1. Event recorded: Arnprior Chronicle April 11, 1930, page 6: dam completed at Bell’s Rapids on the Madawaska River.
2. Photocopy of a page from an unknown publication (marked Janet), with a paragraph on the Madawaska River. Largest drainage system tributary to the Ottawa in Ontario (3,300 square miles). From Source Lake in Algonquin Park to Arnprior: over 200 miles. Opeongo Lake, York River, Waba Creek.
3. Colour photo by Peter Hessel of rocky shore near Madawaska Bridge, Arnprior, at low water level (about 1988).
4. Clipping from unknown newspaper of article “Madawaska Abounding With Red Pine”, mostly about logging. The river (180 miles long) descends 1200 feet from Source Lake to Arnprior. In comparison, the Ottawa drops only about 100 feet over its 700-mile course. Quotes advertisement in the Bytown Gazette of July 21, 1836 about the Madawaska and its lumbering potential.

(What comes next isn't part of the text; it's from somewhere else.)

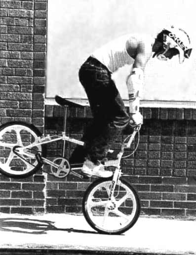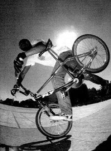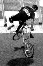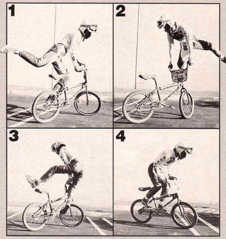 | miami hopper | The rider stands on the pedals and grasps the seat tip in right hand, and the front brake lever in left hand. The rider quickly applies the front brake and simultaneously rotates the handlebars 90 degrees counterclockwise towards the seat and pulls up sharply on the seat. This will cause the rear of the bike to rise up and seemingly flip over the front. If landed correctly, the front wheel will lay parallel to the ground and the right handlebar grip will be balancing on the ground leaving the rider perched above the rear wheel. From this position, the rider can make various poses, kick the bike out to the side and lay it down, or lean back sharply and reverse the trick and ride away. *note* the hands and handlebar directions would be reversed if the bike was set up with the front brake lever on the right hand side. Miami hopper first appeared in the march 1985 issue of BMX Action. R.L. Osborn, BMX Action march 1985: When I was doing some freestyle shows in Miami, Florida, this winter, saw one at the locals do the trick. His name was Paul Hopper, and he's a really nice guy. After I got this trick wired, I came up with a few variations of my own, and since Paul had no real name for it, I'm calling it The Miami Hopper after him. Before I go any further, I just want to remind you folks that trick riding can be hazardous to your health, so ABSOLUTELY use your safety gear - helmet, elbow pads, gloves, and long pants at the minimum while you're learning this or any trick. Whether you use it after you've got the tricks wired is up to you, but use your best judgment. Now, on to the trick. The Miami Hopper is an advanced maneuver; a beginner shouldn't EVEN try to do it. You should know how to do a bar endo, which some people also call a dip, before you' attempt this. I'm just going to show you how to do the basic trick, and you can work on the variations later once you have everything dialed. The first thing you do is roll forward slowly, standing on your pedals with your knees slightly bent and your weight back. Then, like a front brake endo, you start by grabbing the front brake and throwing your weight forward while you let the rear of the bike come up into your body and you tuck your buns WAY back. But for The Hopper you have to do a few other things in rapid order. As you grab the front brake you quickly crank the bars to the left so that they're at a 90 degree angle to the rest of the bike. Make sure you keep the front brake locked at all times. Then you let go of the bars with your right hand and use it to grab the back of the seat. This makes it easier to tuck WAY back and gives you more control for balancing, As the endo progresses, let the bike go all the way forward so that the lower end of the bars gently touches down on the ground. Between the front wheel and the end of the bars, you're now set up on sort of a tripod. Your front wheel will probably be flexing a whole bunch. At this point, you're constantly trying to find your balance point. You'll be twisting the bars and the bike back and forth so that the rear end of the bike stays pointed skyward. It helps if you leave your left hand on the grip and front brake lever, but bring the bars around until you can grab both the grip end AND the front of the seat in your left hand while still keeping a two-finger death grip on the brake lever. Balance for as long as you can. Then, to get back to the normal riding position, move your hand from the back of the seat to the halfway point of the seat post, lean forward slightly, and then throw your weight back HARD 'cause it's way harder to get out of this trick than it is to get into it. The faster you pull back, the easier it is to keep your balance. As the rear end is heading back toward Mother Earth, release your hold on the seat post, straighten out the front wheel,- and grab the right grip. Hold onto the front brake lever until the back wheel reaches the ground. When the back end touches down, you'll naturally go for a short rollback, and then you just ride out of it. That's it !! The Miami Hopper took me about three days before I had it down. I recommend that riders learning this trick put the bike in the vertical position and then practice how to balance before trying to ride into it. Jason Weatherly, www.pedalbmx.com, november 2005: The miami hopper was first called a "bar endo", then a miami hopper (which was kinda dumb because at first no one "hopped" a miami "hopper"), then when they started hopping them they became "miami hop hops", then with locking levers there came no-handed miami hop hops and then finally like 1986 or 87 Martin Aparijo pulled the no-handed bar spin miami hop hops, where he would flip the bars between hops. Brett Downs, www.pedalbmx.com, november 2005: The bar endo probably preceeded the miami hopper. RL Osborn was doing shows in Miami when he met a guy named Steve Hopper doing the trick. RL did a how to in BMXA and gave it the name Miami Hopper. Park Carter did no handed miami hop hops in 87 or 88. Danny Barrado, august 2007: My name is Bong Air and my trick is the Miami Hopper which was named after my riding partner Hopper Paul by R L Osborn when he visited us in Miami in 1984. The event was the World of Wheels auto show at the Hollywood Sportatorium. There was a contest for BMX TRICKS run by MCS bicycles and NFA.This is where the BAR STALL (Miami Hopper) was first used in a contest.The announcer said here is Bong Air, I roll out on my Haro Freestyler, open up a tallboy can of budweiser and pound it. Then I went out and did all the latest tricks flawlessly including the bar stall on the top of the wedge ramp, I gave it my all and from the crowd response I knew that I had won without a doubt. They gave me third place, team MCS got first and second. I confronted the judges and they said they didn't like the way I drank a beer. I told them to go to hell.The fool they gave second to had a cast on his broken arm and the other guy was lame. R L was

5. Photocopy of short article “The Madawaska River” by Peter Hessel for the Chronicle-Guide’s Weekender Supplement, June 20, 1998. Champlain, spelling, meaning.
6. Colour postcard “View from the Bridge, Arnprior”.
7. Photocopy of article by Alan Rayburn in Canadian Geographic, July/Aug. 1993: “Who’s to blame for mistaken names?” Section on the Madawaska. Cartographic information, spelling, etc.
8. Photocopies of pages 134-135, McNab — The Township by Peter Hessel, re Madawaska River.
9. Clipping of article in Ottawa Citizen, “Conspiracy of Chance”, by Lee Greenberg and Gary Dimmock, dated Sep. 28, 2002. regarding the drowning of two people at High Falls (in a dammed channel of the Madawaska River near Calabogie, on June 23, 2002.
Notes
Regarding the meaning of the name, see File “Geographical Names”, a folder personally prepared by Alan Rayburn for the Arnprior and District Historical Society in 1992, “The Geographical Names of the Arnprior Area”.